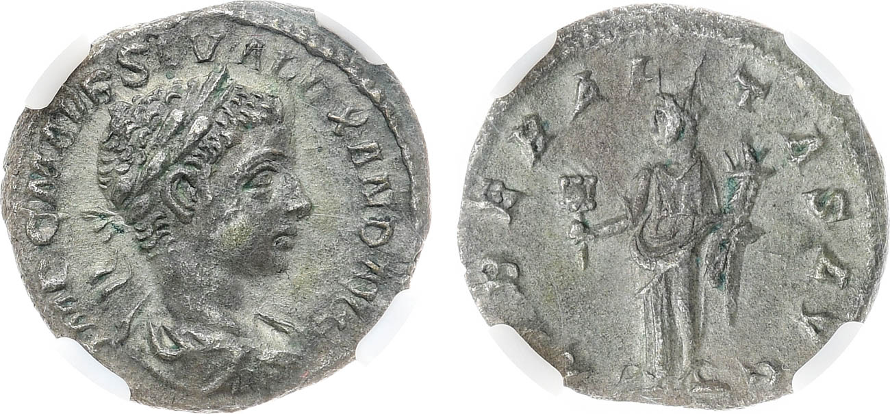 Серебро. Аверс: портрет императора вправо, латинская легенда "IMP C M AVR SEV ALEXAND AVG". Реверс: богиня Либералитас влево, в правой руке счеты, в левой руке рог изобилия, латинская легенда "LIBERALITAS AVG". RIC 148. AU DETAILS.
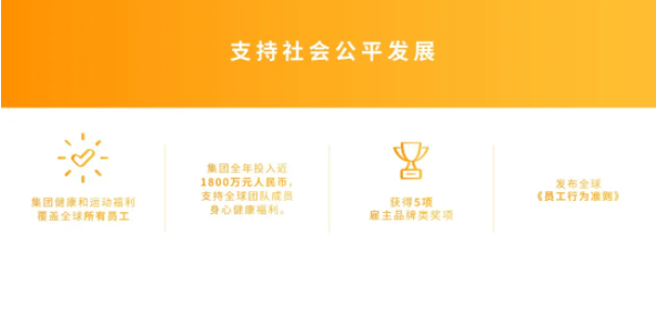 2020年,集团全年投入近1800万元人民币,支持全球团队成员身心健康福利。截至2020年底,集团全球已有3400多名团队成员分布在13个国家和地区。获得年度最佳雇主、中国健康工作场所黄金标准认证企业等5项认可。
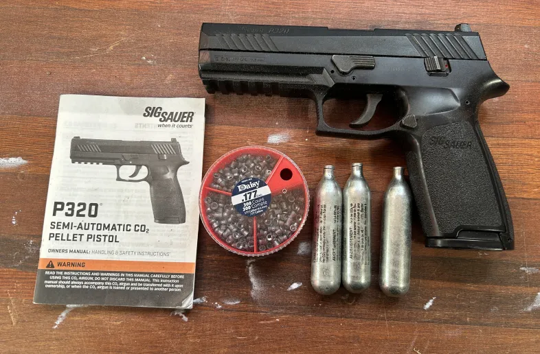 Sig P320 blowback CO2 air pistol. In good shape, comes with manual, pellets and some CO2 cartridges.
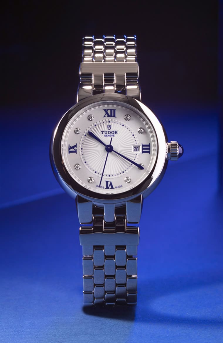 Clair de Rose系列僅以不鏽鋼製成,搭載機械機芯,帝舵分別提供三種尺寸及六款設計可供選擇。此系列秉承古典優雅及永恒經典的精神,不僅善用品牌歷史美學特色,亦保留了中層錶殼柔美的線條與大型錶冠設計——錶冠上鑲有一顆藍色圓拱形尖晶石,替手錶點綴吸睛元素。Clair de Rose錶殼直徑分別有26mm、30mm 及34mm等,另外銀色面盤款式飾有精美的浮雕圖案,以藍色漆面羅馬數字或鑽石作為時標,面盤3點方向設置日期窗,無論就造型風格或實用性而言都有吸引人的亮點。

**TASK TO CARRY OUT**
Apart from the pictures, restate all of the listing above exactly.

**REPLY**
 Серебро. Аверс: портрет императора вправо, латинская легенда "IMP C M AVR SEV ALEXAND AVG". Реверс: богиня Либералитас влево, в правой руке счеты, в левой руке рог изобилия, латинская легенда "LIBERALITAS AVG". RIC 148. AU DETAILS.
 2020年,集团全年投入近1800万元人民币,支持全球团队成员身心健康福利。截至2020年底,集团全球已有3400多名团队成员分布在13个国家和地区。获得年度最佳雇主、中国健康工作场所黄金标准认证企业等5项认可。
 Sig P320 blowback CO2 air pistol. In good shape, comes with manual, pellets and some CO2 cartridges.
 Clair de Rose系列僅以不鏽鋼製成,搭載機械機芯,帝舵分別提供三種尺寸及六款設計可供選擇。此系列秉承古典優雅及永恒經典的精神,不僅善用品牌歷史美學特色,亦保留了中層錶殼柔美的線條與大型錶冠設計——錶冠上鑲有一顆藍色圓拱形尖晶石,替手錶點綴吸睛元素。Clair de Rose錶殼直徑分別有26mm、30mm 及34mm等,另外銀色面盤款式飾有精美的浮雕圖案,以藍色漆面羅馬數字或鑽石作為時標,面盤3點方向設置日期窗,無論就造型風格或實用性而言都有吸引人的亮點。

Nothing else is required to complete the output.